### Excerpted data
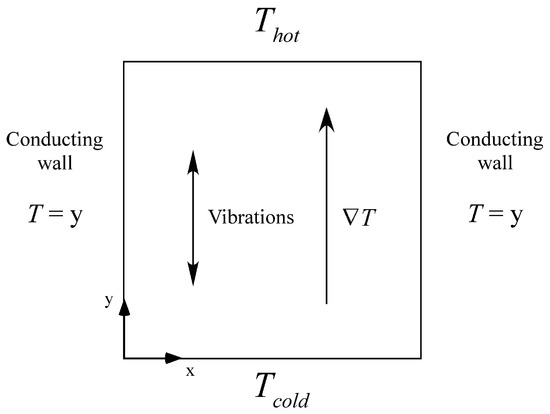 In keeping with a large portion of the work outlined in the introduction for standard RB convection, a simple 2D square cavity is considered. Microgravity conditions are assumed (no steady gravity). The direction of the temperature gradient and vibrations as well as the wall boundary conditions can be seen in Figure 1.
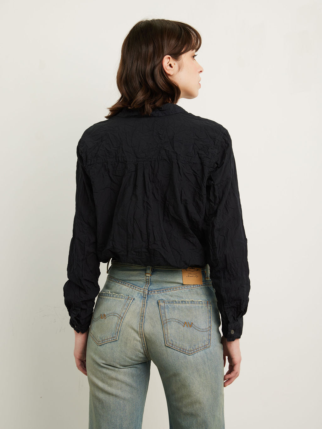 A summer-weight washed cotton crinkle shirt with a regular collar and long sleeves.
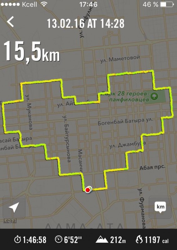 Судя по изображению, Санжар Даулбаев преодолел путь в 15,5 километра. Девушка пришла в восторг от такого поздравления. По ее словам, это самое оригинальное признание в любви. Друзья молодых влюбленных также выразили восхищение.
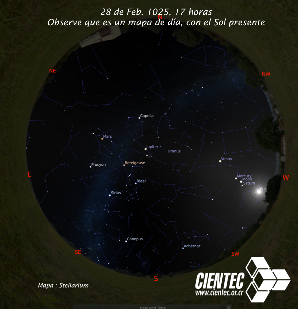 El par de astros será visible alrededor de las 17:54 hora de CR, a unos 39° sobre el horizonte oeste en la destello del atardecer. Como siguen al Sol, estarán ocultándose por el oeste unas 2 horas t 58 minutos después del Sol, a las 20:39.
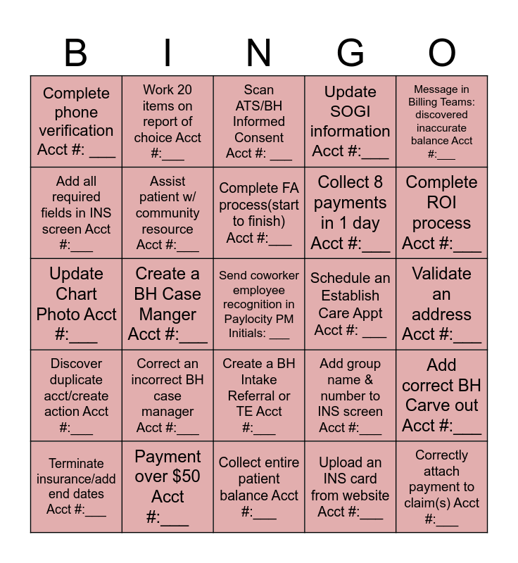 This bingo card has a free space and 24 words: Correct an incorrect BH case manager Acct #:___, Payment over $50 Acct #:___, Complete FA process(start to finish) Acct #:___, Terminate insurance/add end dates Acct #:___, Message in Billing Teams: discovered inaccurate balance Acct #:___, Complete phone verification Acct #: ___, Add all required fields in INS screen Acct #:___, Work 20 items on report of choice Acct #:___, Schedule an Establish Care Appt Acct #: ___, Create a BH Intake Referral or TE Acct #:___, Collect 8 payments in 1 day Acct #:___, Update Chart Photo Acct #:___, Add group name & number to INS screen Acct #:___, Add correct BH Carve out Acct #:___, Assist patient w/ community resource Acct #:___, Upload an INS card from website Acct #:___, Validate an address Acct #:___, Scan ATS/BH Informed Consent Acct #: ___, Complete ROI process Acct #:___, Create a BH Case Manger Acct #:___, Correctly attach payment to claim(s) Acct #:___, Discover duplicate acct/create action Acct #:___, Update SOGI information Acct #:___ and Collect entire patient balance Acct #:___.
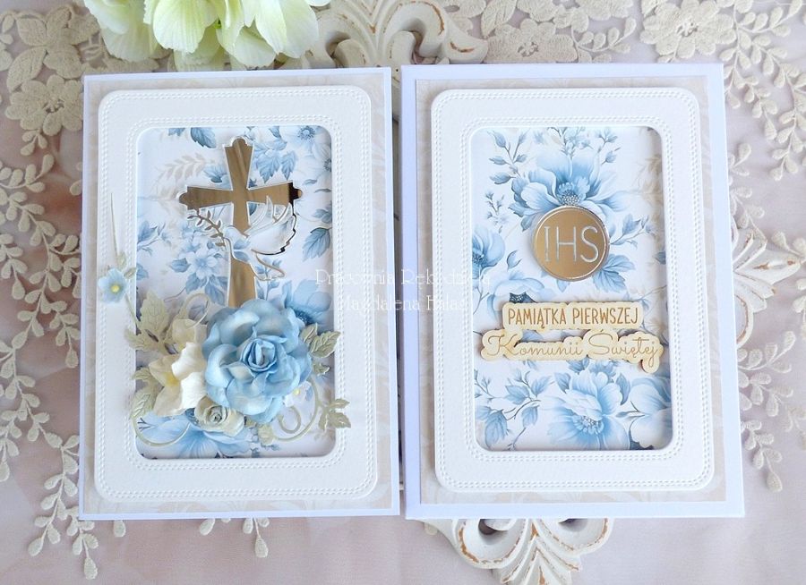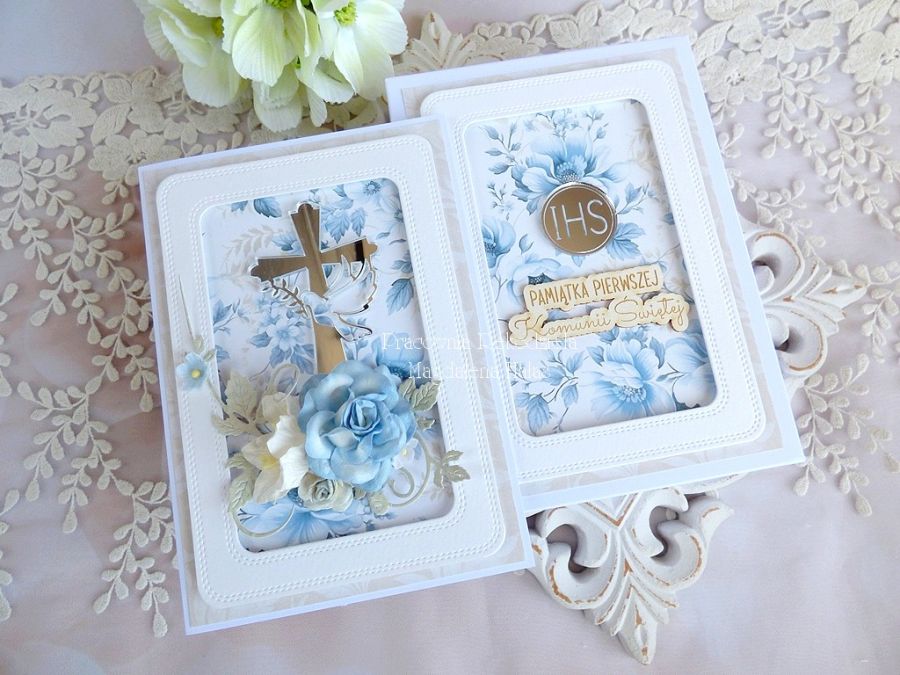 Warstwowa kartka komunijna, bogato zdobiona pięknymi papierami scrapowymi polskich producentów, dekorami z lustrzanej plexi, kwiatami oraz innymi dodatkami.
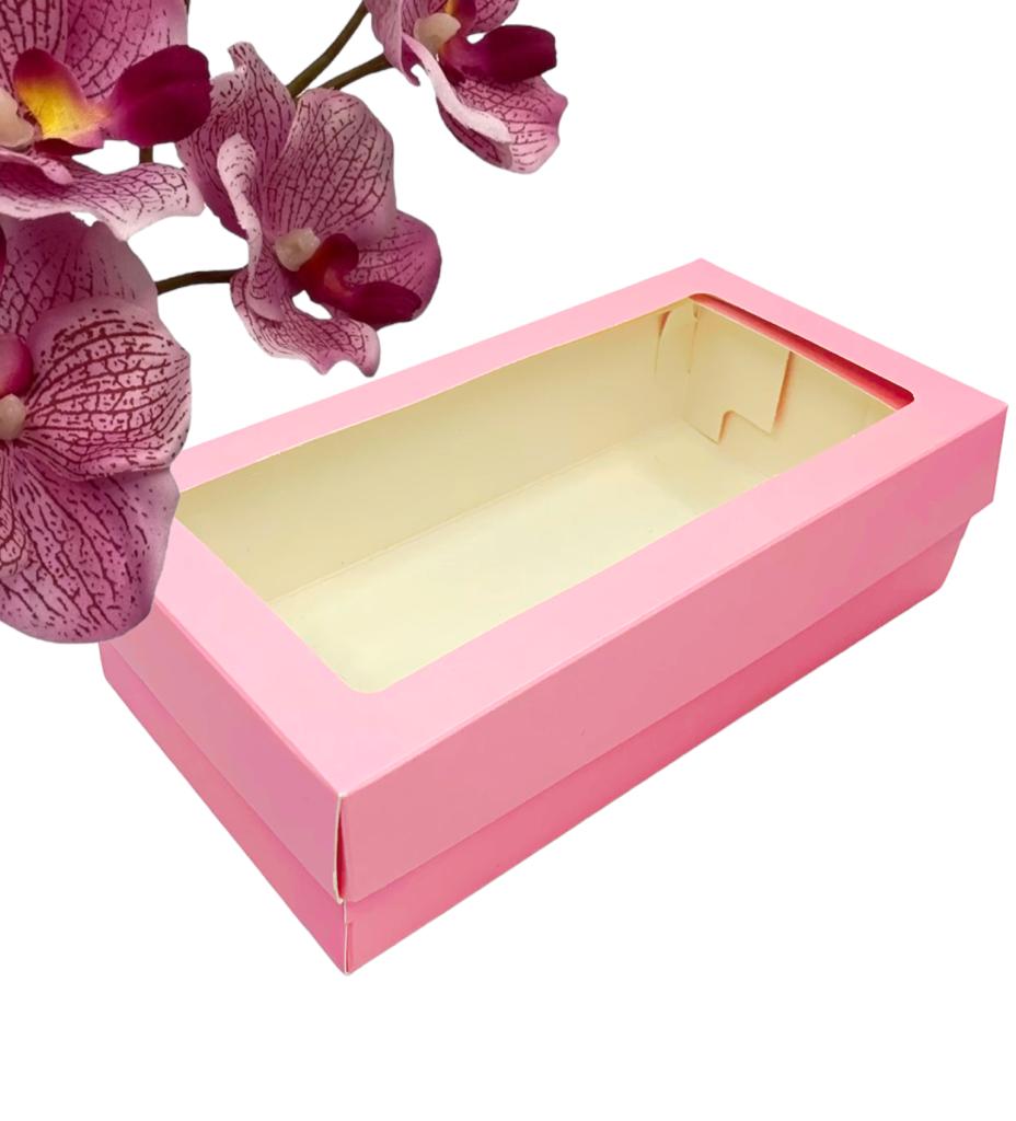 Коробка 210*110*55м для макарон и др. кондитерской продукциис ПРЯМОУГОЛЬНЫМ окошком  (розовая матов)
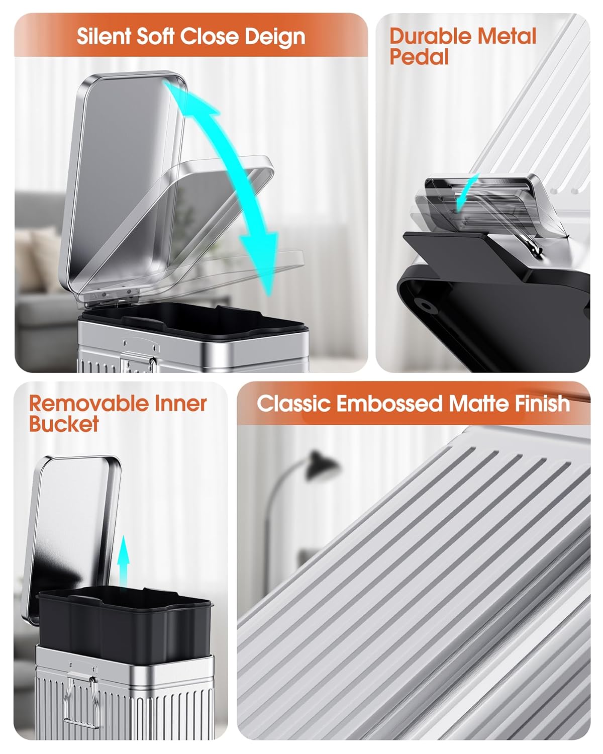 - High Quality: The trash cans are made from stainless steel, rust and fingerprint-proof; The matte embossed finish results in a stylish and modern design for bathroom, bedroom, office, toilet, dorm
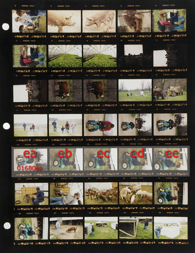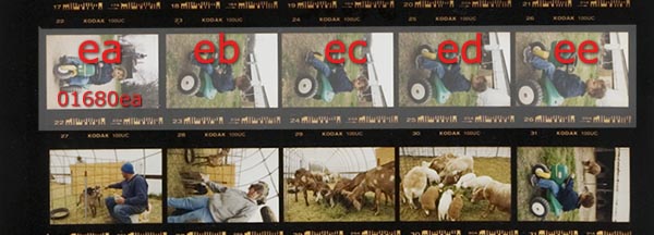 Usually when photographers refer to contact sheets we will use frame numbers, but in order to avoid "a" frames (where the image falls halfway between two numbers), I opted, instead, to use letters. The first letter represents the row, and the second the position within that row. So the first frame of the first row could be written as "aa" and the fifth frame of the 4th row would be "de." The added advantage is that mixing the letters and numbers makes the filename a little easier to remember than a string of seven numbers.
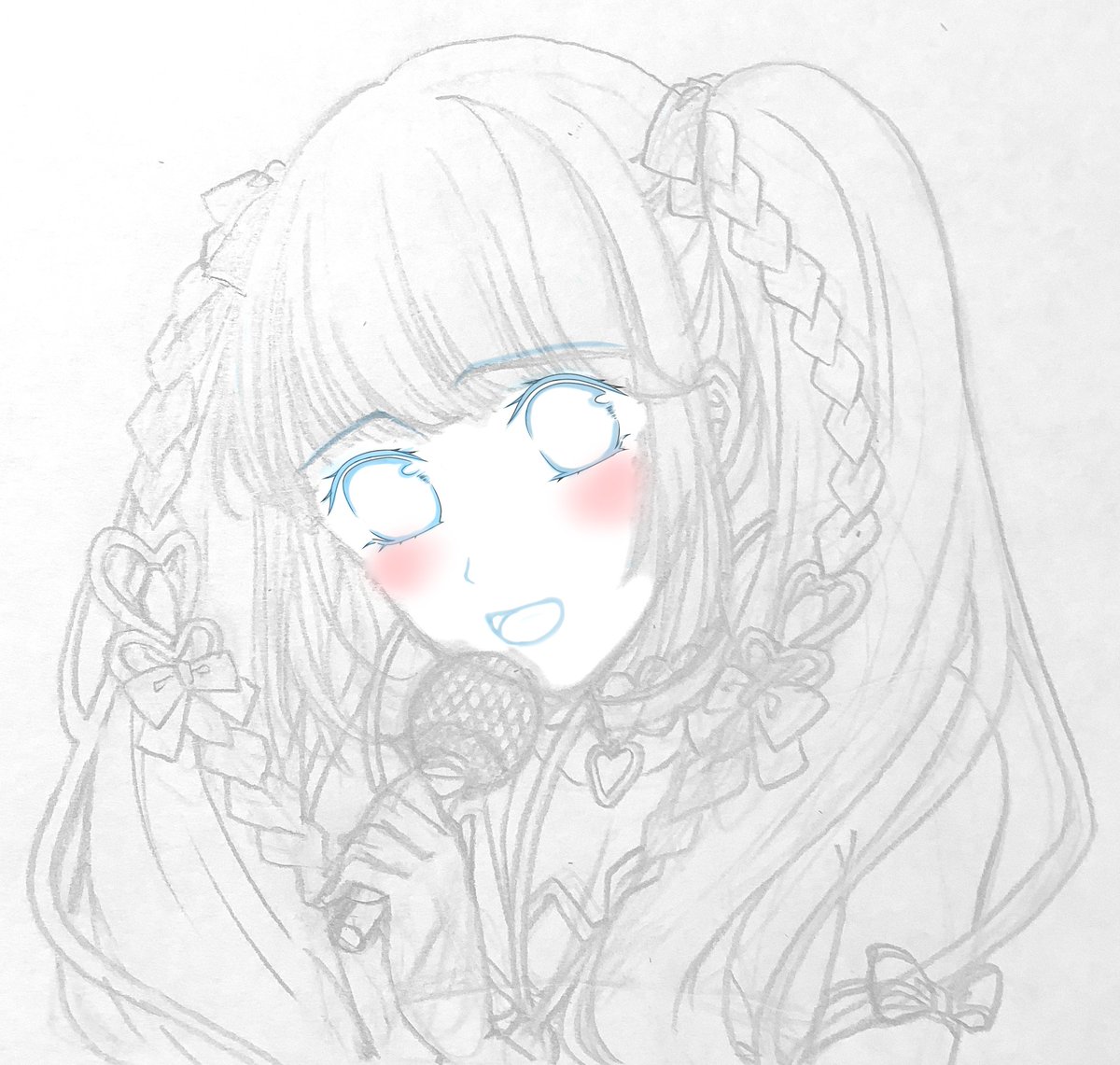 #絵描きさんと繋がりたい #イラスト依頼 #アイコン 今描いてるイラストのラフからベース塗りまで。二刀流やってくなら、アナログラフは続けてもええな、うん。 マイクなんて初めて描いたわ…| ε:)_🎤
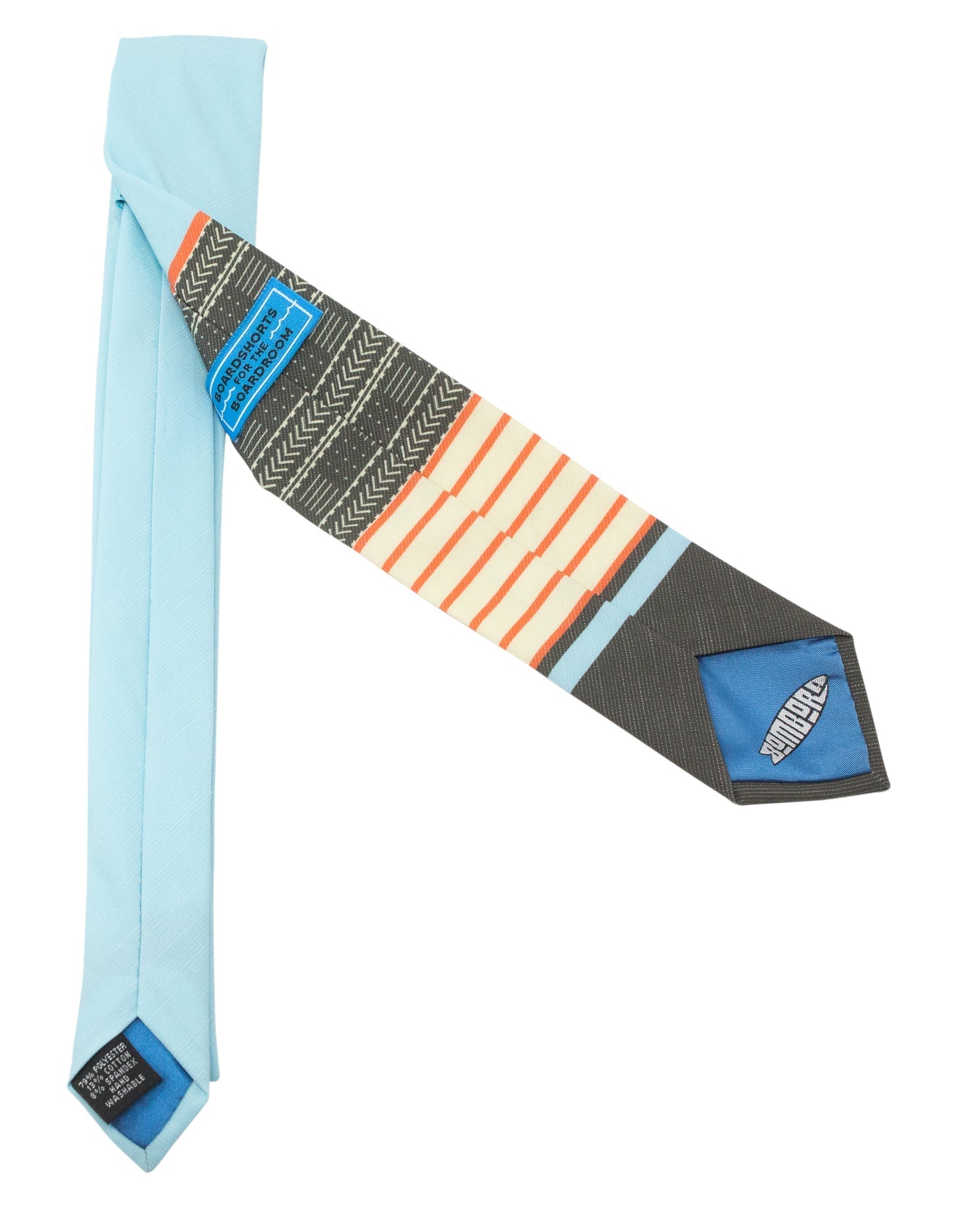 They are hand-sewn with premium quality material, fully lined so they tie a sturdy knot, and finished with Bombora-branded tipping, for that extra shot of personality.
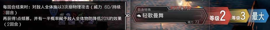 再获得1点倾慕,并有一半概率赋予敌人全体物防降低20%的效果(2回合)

### Description of the task
Pictures are not part of the copy. Output only the lines from the one with "- High Quality: The" through the final line of the records, exactly as given.

### Written response
 - High Quality: The trash cans are made from stainless steel, rust and fingerprint-proof; The matte embossed finish results in a stylish and modern design for bathroom, bedroom, office, toilet, dorm
 Usually when photographers refer to contact sheets we will use frame numbers, but in order to avoid "a" frames (where the image falls halfway between two numbers), I opted, instead, to use letters. The first letter represents the row, and the second the position within that row. So the first frame of the first row could be written as "aa" and the fifth frame of the 4th row would be "de." The added advantage is that mixing the letters and numbers makes the filename a little easier to remember than a string of seven numbers.
 #絵描きさんと繋がりたい #イラスト依頼 #アイコン 今描いてるイラストのラフからベース塗りまで。二刀流やってくなら、アナログラフは続けてもええな、うん。 マイクなんて初めて描いたわ…| ε:)_🎤
 They are hand-sewn with premium quality material, fully lined so they tie a sturdy knot, and finished with Bombora-branded tipping, for that extra shot of personality.
 再获得1点倾慕,并有一半概率赋予敌人全体物防降低20%的效果(2回合)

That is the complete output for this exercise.